Activity:
Lines from the one holding "ZOMAKE 25L Ultra" through the end of the entries, inclusive, form the whole output; reproduce them exactly and omit pictures.
** Material for this task follows **
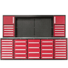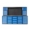 Introduce the VAL-10FT40D Blue 10-foot workbench cabinet combo, boasting 30 workbench drawers and 10 cabinet drawers! Complete with a stainless steel tabletop, full-extension ball bearing slides, lockable drawers, & swing door cabinets featuring spacious pegboard, this combo provides ample storage capacity and organization options to enhance productivity in any workspace. Get organized today with our 40-drawer workbench cabinet combo!
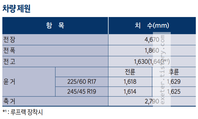 전고: 1,630/1,640 mm (루프랙 장착시)
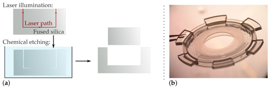 Manufacturing of the fused silica parts 3, 4.3, and 5 was performed by means of a femtosecond laser-assisted chemical etching process. The laser was used to locally illuminate the glass. This operation alters the material, which becomes more easily etchable in acids or bases (typically highly concentrated hydrofluoric acid or potassium hydroxide solutions). By illuminating complete areas, blocks of fused silica can be detached in order to produce the desired part. Figure 4a illustrates the laser illumination and etching processes.
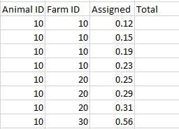 Ex. if the "Animal ID" = 10 and "Farm ID" = 10, I need to find its max value (0.23 in this case) and its min value (0.12 in this case) and subtract the two. Then, I want to do the same for when "Animal ID" = 10 and "Farm ID" = 20 and so on. I tried the following, however, I get the following error: KeyError: 'Assigned'. I’m not sure where I’m going wrong. Also, if there’s a better way to achieve this than the method I’m using, I’d really appreciate learning about that.
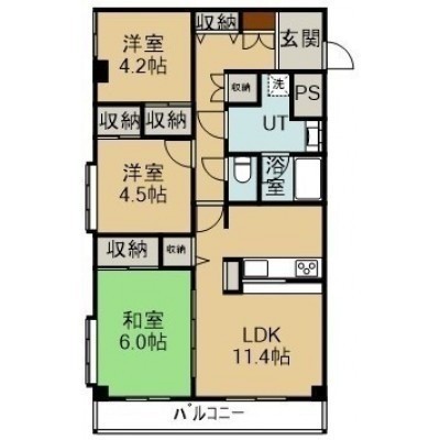 3LDK(68.46m²)└ 10階:LDK11.4帖 和室6帖 洋室4.5帖 洋室4.2帖
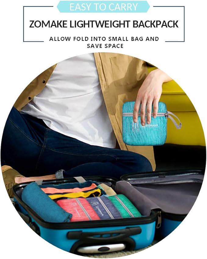 ZOMAKE 25L Ultra Lightweight Packable Backpack, Foldable Hiking Backpacks Water Resistant Small Folding Daypack for Travel(Aqua Blue)
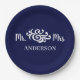 Clásicos platos de papel para la ducha de boda en azul marino y blanco con Mr & Mrs en un guión elegante. Hermosas parejas duchan o decoran la recepción de bodas para parejas recién casadas. Personalice el apellido de la novia y el novio. También puede personalizar para que coincida con los colores bodas cambiando el color de fondo y/o el color del texto. Haga clic en el botón Personalizar y, a continuación, haga clic en el vínculo Personalizar adicional.
** End of Material for this task **
Response:
 ZOMAKE 25L Ultra Lightweight Packable Backpack, Foldable Hiking Backpacks Water Resistant Small Folding Daypack for Travel(Aqua Blue)
 Clásicos platos de papel para la ducha de boda en azul marino y blanco con Mr & Mrs en un guión elegante. Hermosas parejas duchan o decoran la recepción de bodas para parejas recién casadas. Personalice el apellido de la novia y el novio. También puede personalizar para que coincida con los colores bodas cambiando el color de fondo y/o el color del texto. Haga clic en el botón Personalizar y, a continuación, haga clic en el vínculo Personalizar adicional.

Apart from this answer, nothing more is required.